Content starts
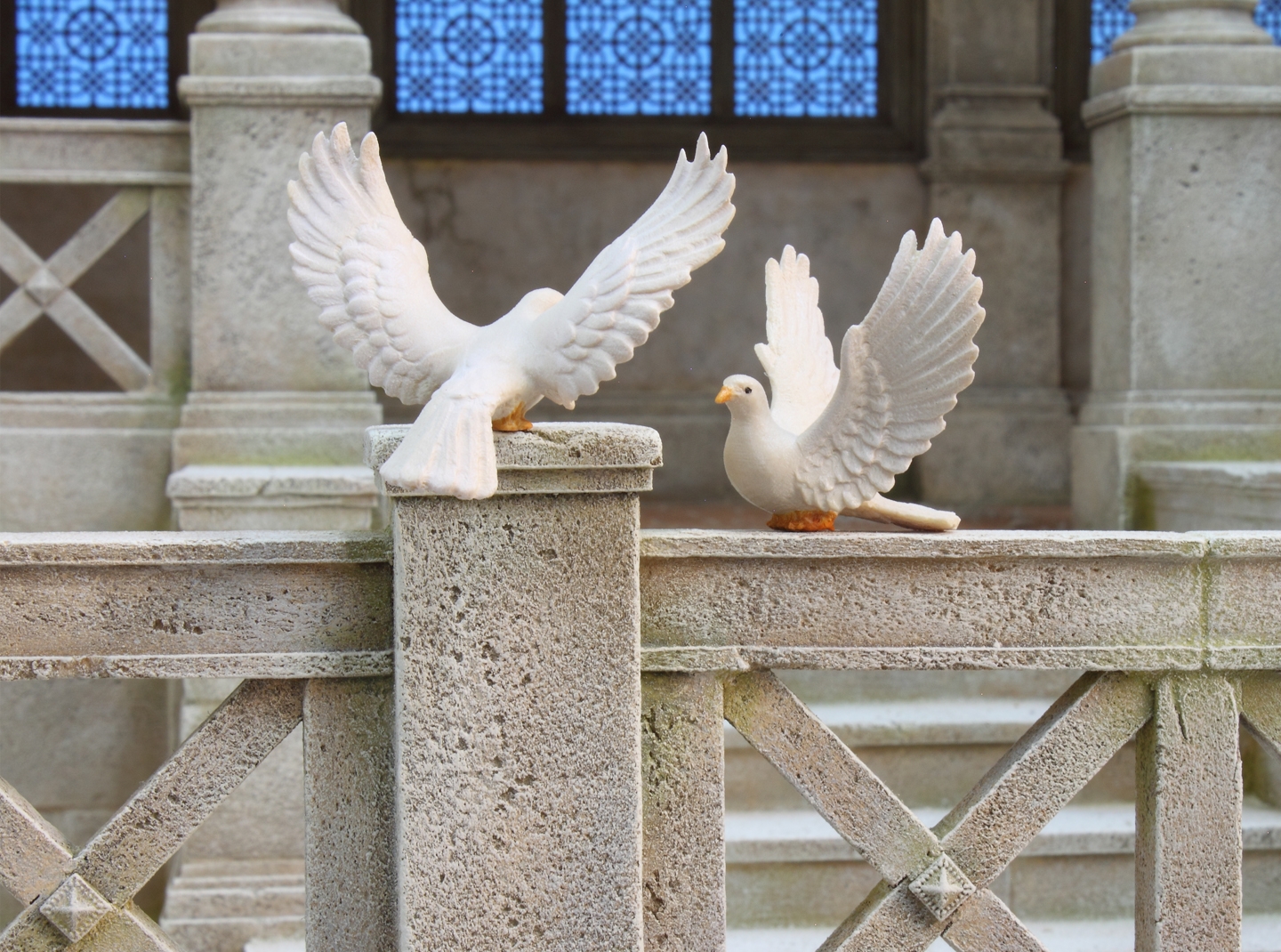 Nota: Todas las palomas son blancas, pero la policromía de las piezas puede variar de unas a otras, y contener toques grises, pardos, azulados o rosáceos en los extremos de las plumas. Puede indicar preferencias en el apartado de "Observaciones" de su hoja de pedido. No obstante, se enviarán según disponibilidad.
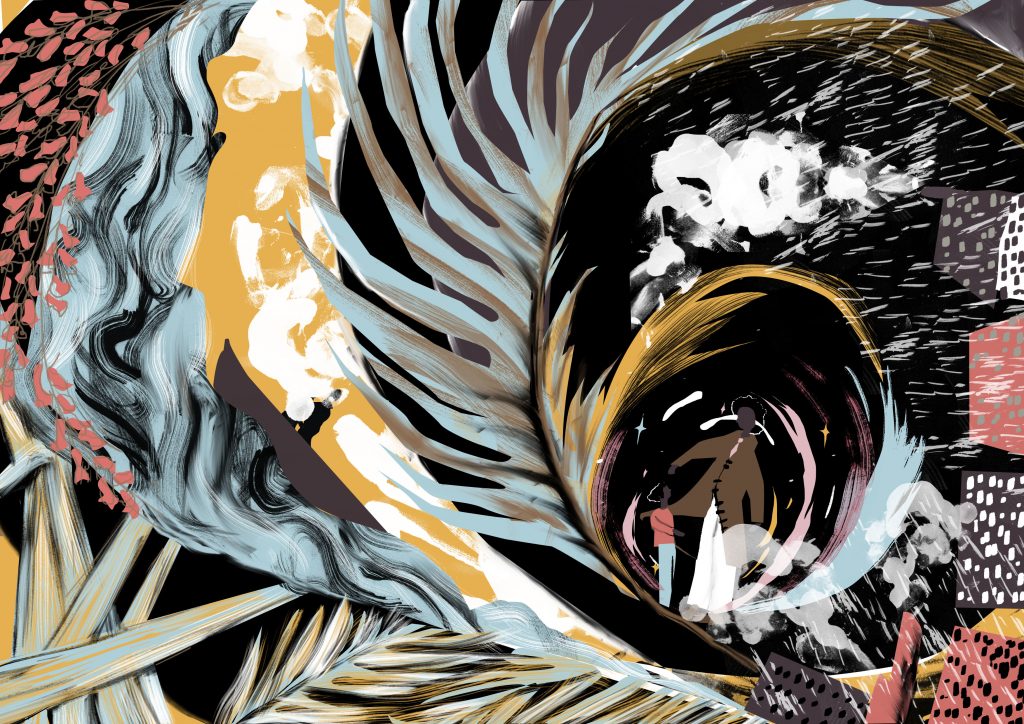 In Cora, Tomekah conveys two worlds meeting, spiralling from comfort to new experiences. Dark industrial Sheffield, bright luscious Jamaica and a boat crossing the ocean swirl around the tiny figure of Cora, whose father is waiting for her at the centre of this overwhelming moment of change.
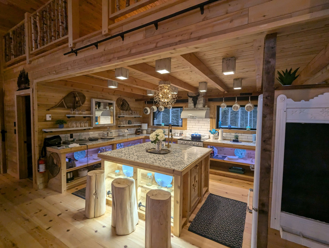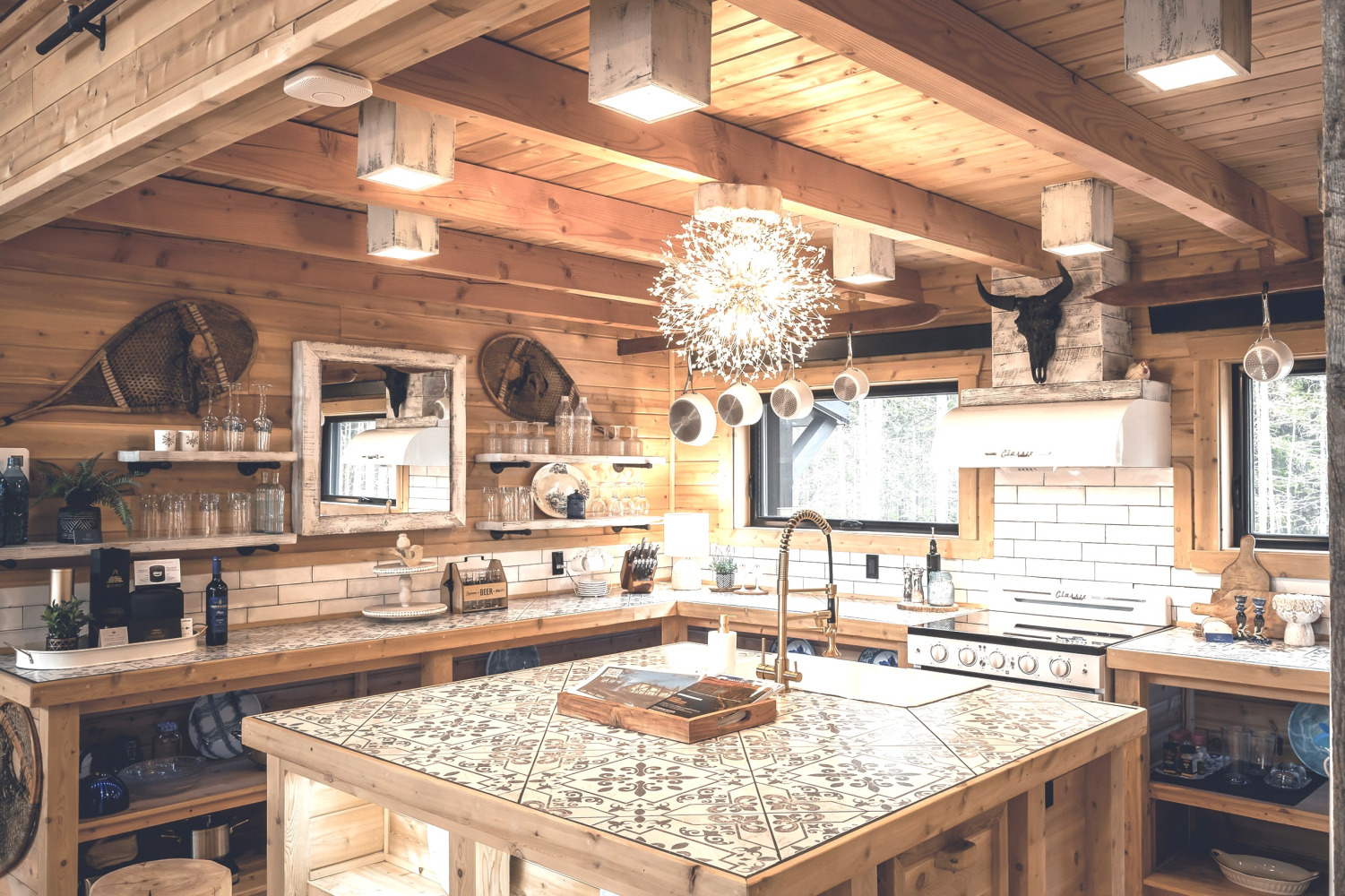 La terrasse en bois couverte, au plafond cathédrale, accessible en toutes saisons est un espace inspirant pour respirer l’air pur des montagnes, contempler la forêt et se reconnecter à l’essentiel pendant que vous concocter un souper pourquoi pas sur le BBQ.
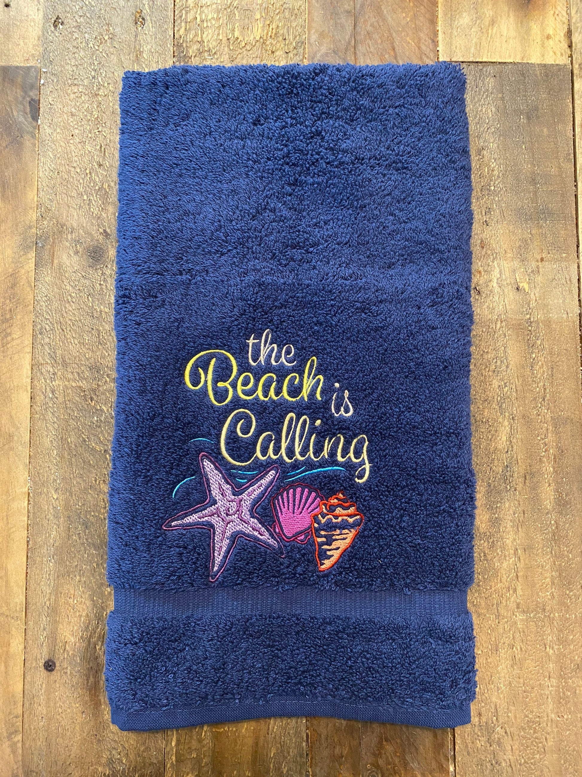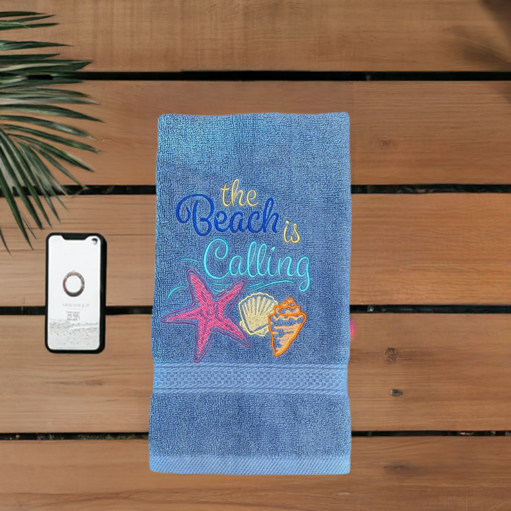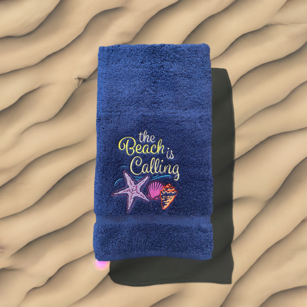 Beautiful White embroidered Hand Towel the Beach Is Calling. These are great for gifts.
Content ends
Aim of the task:
Copy each line above exactly, with no images.

Result of this exercise:
 Nota: Todas las palomas son blancas, pero la policromía de las piezas puede variar de unas a otras, y contener toques grises, pardos, azulados o rosáceos en los extremos de las plumas. Puede indicar preferencias en el apartado de "Observaciones" de su hoja de pedido. No obstante, se enviarán según disponibilidad.
 In Cora, Tomekah conveys two worlds meeting, spiralling from comfort to new experiences. Dark industrial Sheffield, bright luscious Jamaica and a boat crossing the ocean swirl around the tiny figure of Cora, whose father is waiting for her at the centre of this overwhelming moment of change.
 La terrasse en bois couverte, au plafond cathédrale, accessible en toutes saisons est un espace inspirant pour respirer l’air pur des montagnes, contempler la forêt et se reconnecter à l’essentiel pendant que vous concocter un souper pourquoi pas sur le BBQ.
 Beautiful White embroidered Hand Towel the Beach Is Calling. These are great for gifts.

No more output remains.